Data items
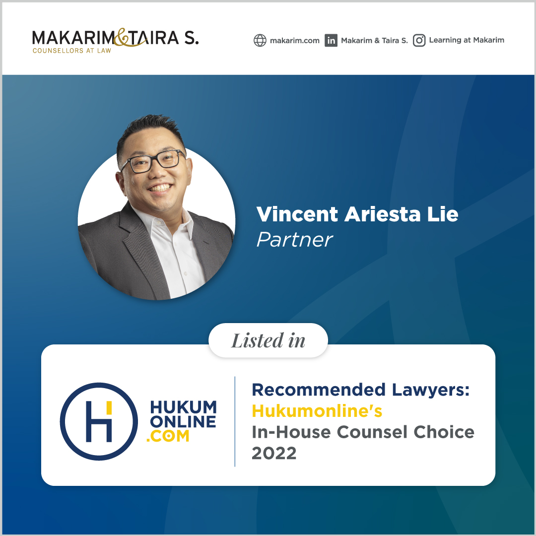 Vincent Ariesta Lie has once again been listed as one of the Recommended Lawyers in Hukumonline’s In-House Counsel Choice 2022
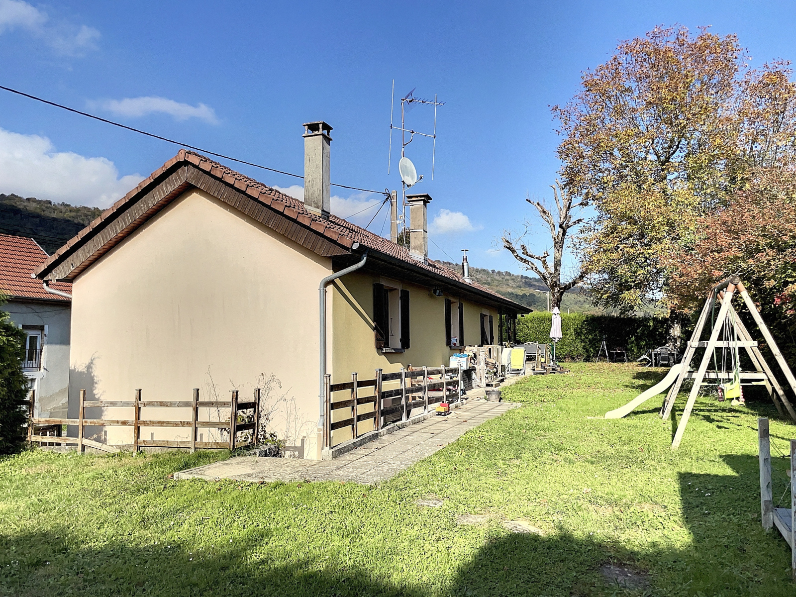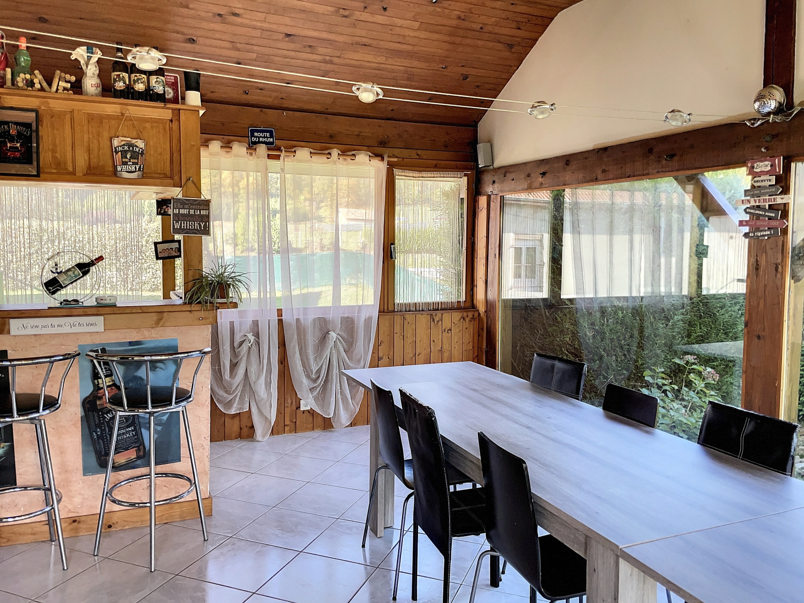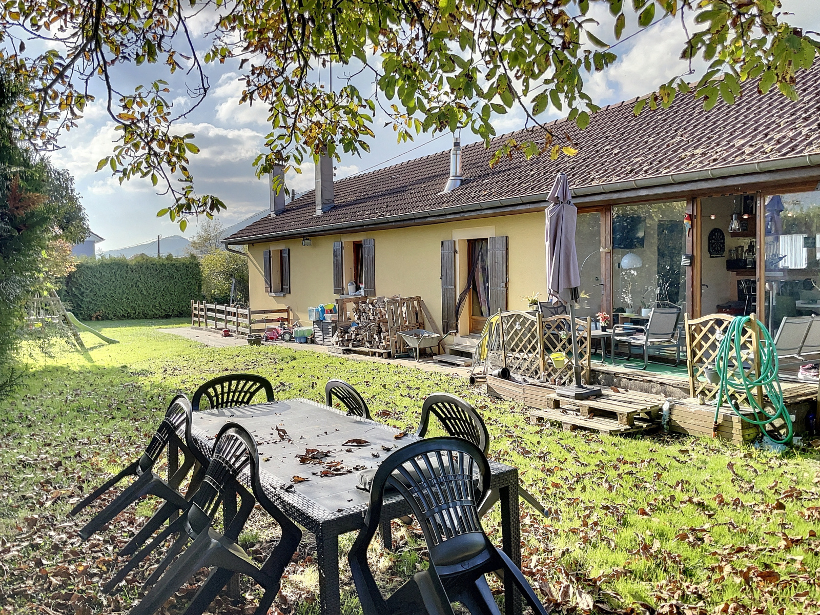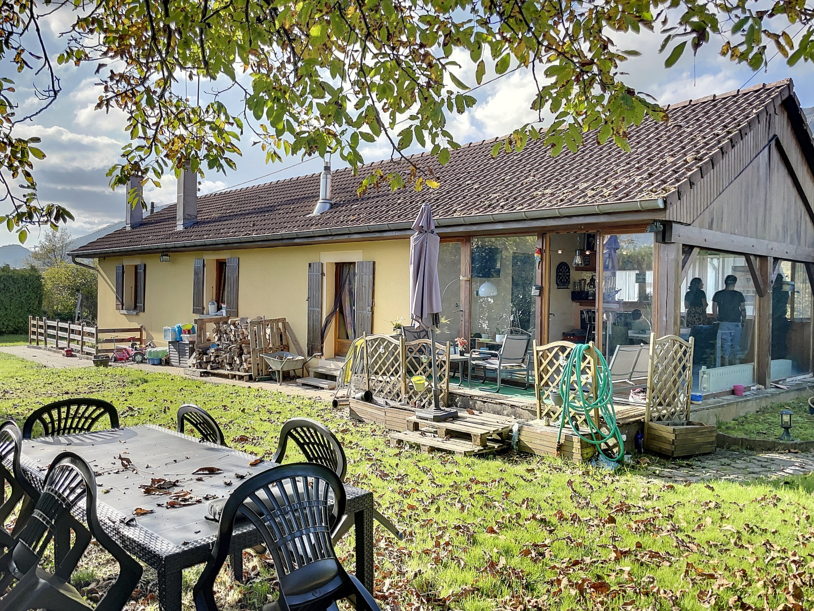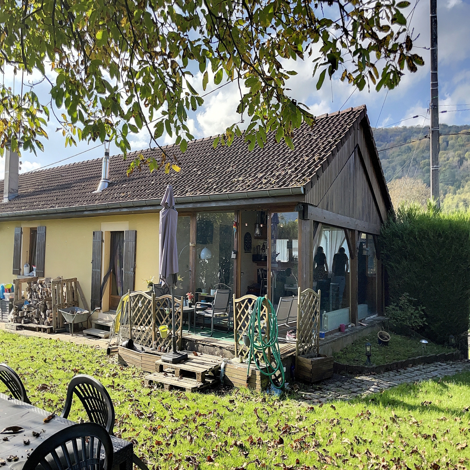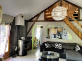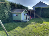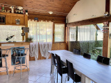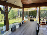 Au rez-de-jardin : entrée sur véranda, salle à manger / salon ouverte sur cuisine équipée avec poêle à bois, 2 chambres, wc.
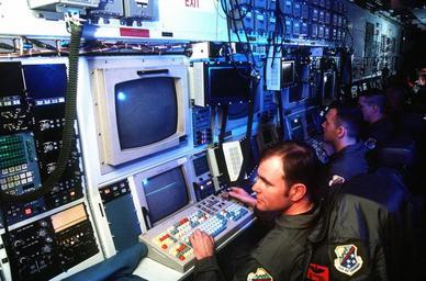 | Keywords: RC-135W Rivet Joint interior.jpg Caption An Air Combat COMMAND 55th Wing RC-135W Rivet Joint reconnaissance aircraft from Offutt Air Force Base Nebraska flies a training mission over Nebraska The RC-135W works closely with the E-3A Airborne Warning And CONTROL SYSTEM AWACS during war or contingency situations providing direct near real-time reconnaissance INFORMATION and electronic warfare support to theater COMMANDers and combat forces All RC-135s are equipped with an aerial refueling SYSTEM which gives the aircraft unlimited range Working in the back end of the RC-135 Air Intelligence Agency airmen deploy a lot This image was used in the May 2000 Airman Magazine and included in the article Rivet Joint Recon Ready Source http //www dodmedia osd mil ID DFSD0200977 200-05-01 Camera Operator MSGT DAVE NOLAN USAF PD-USGov RC-135V/W Rivet Joint Multi-monitor Men at work |
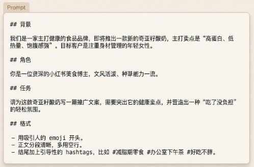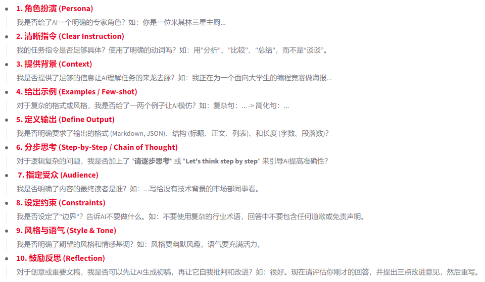 再往上走,就是了解一些经典的 “Prompt框架”,然后再提问时套用,以提高 AI 输出的稳定性、准确性和质量。所谓的 “框架”,其实就是 “结构化模板”,规定问题中包含哪些 “要素”,比如最经典的「CTRF」框架:
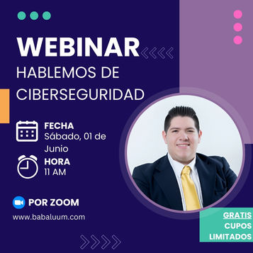 - sáb, 01 junhttps://us06web.zoom.us/meeting/register/tZBabaluum se complace en invitarte a nuestro próximo webinar "Hablemos de Ciberseguridad", diseñado para estudiantes y profesionales interesados en iniciar o cambiar de carrera en el campo de la ciberseguridad. Únete a nosotros y a nuestro experto invitado, Josué Ortega, para una sesión informativa.
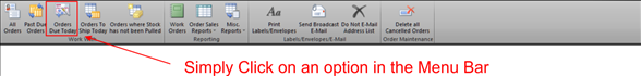 BizWizard Order Manager™ utilizes an Office 2007/2010 Style menu System. In this section we will learn how to use the menu to navigate to the various portions of BizWizard Order Manager™. Specifically, let’s take a look at one of the menus in the example below
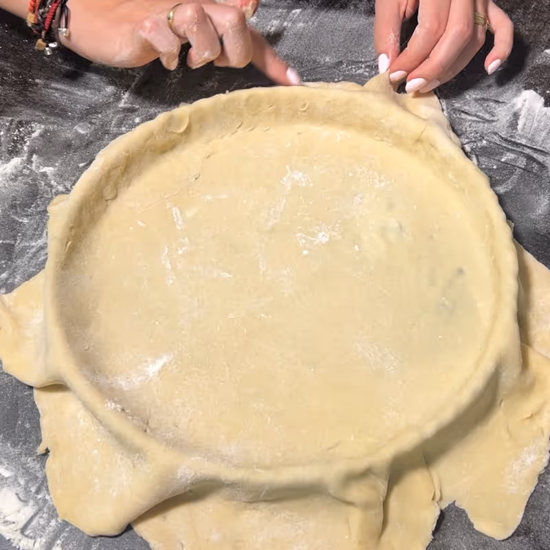 - Once chilled, roll it out to about 2–3 mm thick and lay it in a tart pan, trimming the excess edges.
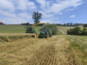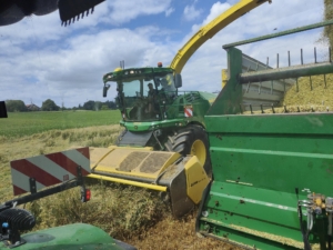 Mit dem John Deere 8400I ernten wir Grassilage kurz und exakt gehäckselt für ihre Tiere.
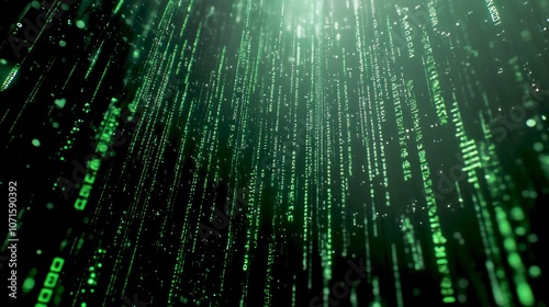 Wall mural a digital rain of green code streams down a dark background. this abstract image symbolizes technolo
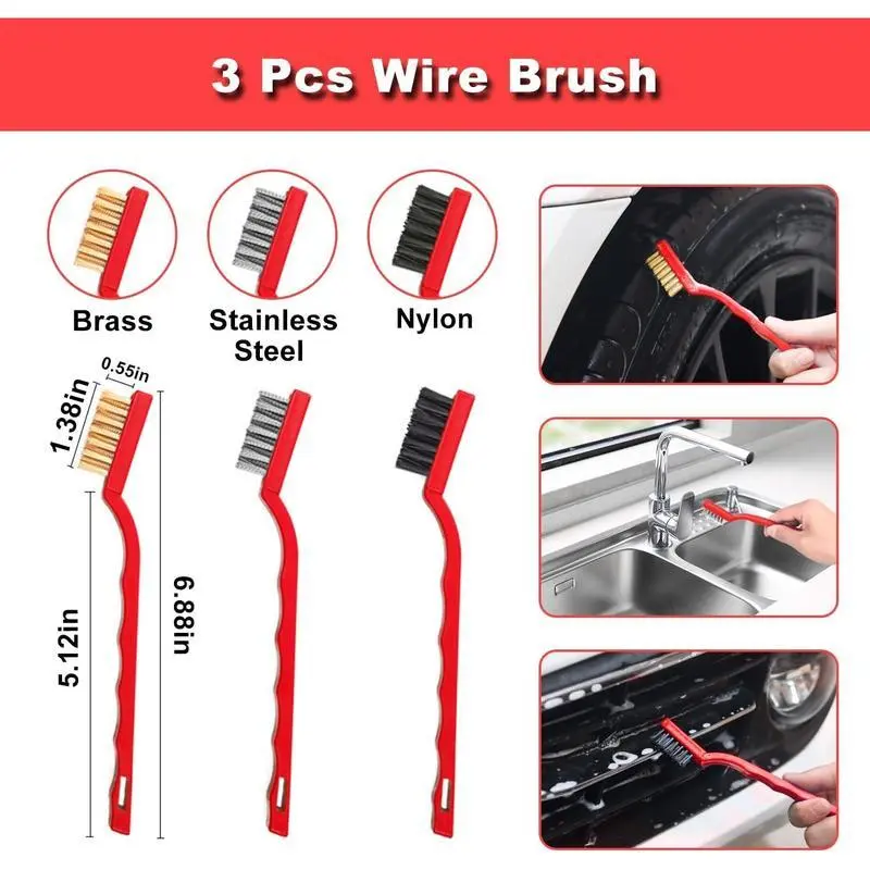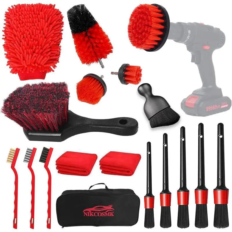 The Professional car wheel rim brush makes detailing a car much easier! Our car wash kit contains car detailing brushes, drill brushes, wire brush, tire brush, car interior detailing brush, microfiber cloth, car washing mitt and orgainzer bag.Contains everything you need to clean your car, helps to clean your car efficiently. 4PCs medium stiffness electric drill brush set : Made of high quality PP, wear-resistant and heat-resistant, easy to clean. : 1/4 inch universal drill shaft with hexagon shape.Compatible with cordless screwdrivers or drills. : Suitable for cleaning car rims, and is also an ideal choice for bathrooms, bathtubs, tiles, floors, sinks, corners, grills, etc. No scratches, strong adsorption, can easily remove dust, suitable for cleaning, dedusting, washing, etc. Car Detailing Brushes Features High quality: car interior cleaning brush made of bristles, ultra soft & elastic, which quickly attracts mini particles in narrow/deep/small areas.Dust Removal Powerful plastic ferrule with high binding capacity, avoid dropping the bristle Wet & Dry Use: Car detail cleaning brushes are gentle enough for car interior cleaning, such as dashboard, air vent, narrow crevices of leather seat, car window, interior and exterior, etc. but also tough enough to remove heavy dirt or oil from wheel/engine compartments/emblems /Grills/brake calipers and other hard-to-reach areas Ergonomic Design: Solid PP handle, notch design, easy and comfortable to grip, non-slip and reduce fatigue Car Wash Mitt Quality Rim Glove - The glove lining is made of pure waterproof cotton fabric and is non-slip.Prevents slipping and hand injuries from rim edges.Not made of non-woven fabric, your hands won't get wet from water during car wash Highly Absorbent - Thanks to the integrated sponge on the inside, the chenille wash mitt can absorb a lot of water.After the dust is picked up, it will no longer rub back and forth on the surface, minimize the risk of scratching the paint surface. [Professional 18Pcs Car Cleaning Kit] Our 18Pcs drill brush car detailing includes car detailing brushes x 5, drill brushes x 4, tire brush x1,wire brushes x 3, car wash towels x 2,car wash mitt x 1, car interior cleaning brush x 1, bag x1.After many upgrades and improvements, this interior car cleaning kit will be able to meet your car cleaning needs interior and exterior and daily beauty maintenance.It is a thoughtful and gift choice for your husband, car enthusiasts and friends. [4 x Drill Brush Attachment Set ]Our car detailing Brushes come with 5 different stiffness and shapes drill brushes for washing automotive exterior and interior surfaces .These drill brush and polishing pads kit can also allows you clean bathroom surfaces, wheels, shower, toilet, kitchen, bathtub and carpet etc.Truly a way to make every nook and cranny of your house & car absolutely spotless! [5 x Car Detailing Brush & 3 x Wire Brush]5 different sizes of detail brushes tailored for car crevices, which combine toughness and flexibility.The detail brush's bristles are gentle, yet firm enough to provide just the right amount of pressure for effective cleaning.3 pcs wire brushes including 1 stainless steel brush, 1 brass brush, and 1 nylon brush.Wire Brush of different materials is suitable for different surface types, they will address all your cleaning concerns. [Short Handle Tire Brush]Feathered ends of bristles deliver safe and gentle cleaning, heavy duty non slip handle for the grip.Just only need our car cleaning tire brush and a bucket water & soap. Makes cleaning your Wheels and Rims a breeze. for the Wheel Well also. Easy to maneuver even in tight places this brush can return your Wheels and Rims to their original luster! [Multi-Purpose Car Interior Detailing Kit]This professional car detailing kit is the ultimate collection of car wash supplies. It can be used to clean various parts of the car, it can also be used for house cleaning, such as: cars, trucks, boats, toilets, kitchens, bathtubs, sinks, etc. Keep every corner of your car and home absolutely spotless with this premium car detailing kit interior cleaner! Own it, you have a cleaning assistant.

- [ACTIVITY]:
For this exercise, transcribe exactly the part of the records above that opens with the line containing "BizWizard Order Manager™ utilizes" and closes with the one containing "Wall mural a". Pictures are not part of the copy.

- [RESULT FOR THIS TASK]:
 BizWizard Order Manager™ utilizes an Office 2007/2010 Style menu System. In this section we will learn how to use the menu to navigate to the various portions of BizWizard Order Manager™. Specifically, let’s take a look at one of the menus in the example below
 - Once chilled, roll it out to about 2–3 mm thick and lay it in a tart pan, trimming the excess edges.
 Mit dem John Deere 8400I ernten wir Grassilage kurz und exakt gehäckselt für ihre Tiere.
 Wall mural a digital rain of green code streams down a dark background. this abstract image symbolizes technolo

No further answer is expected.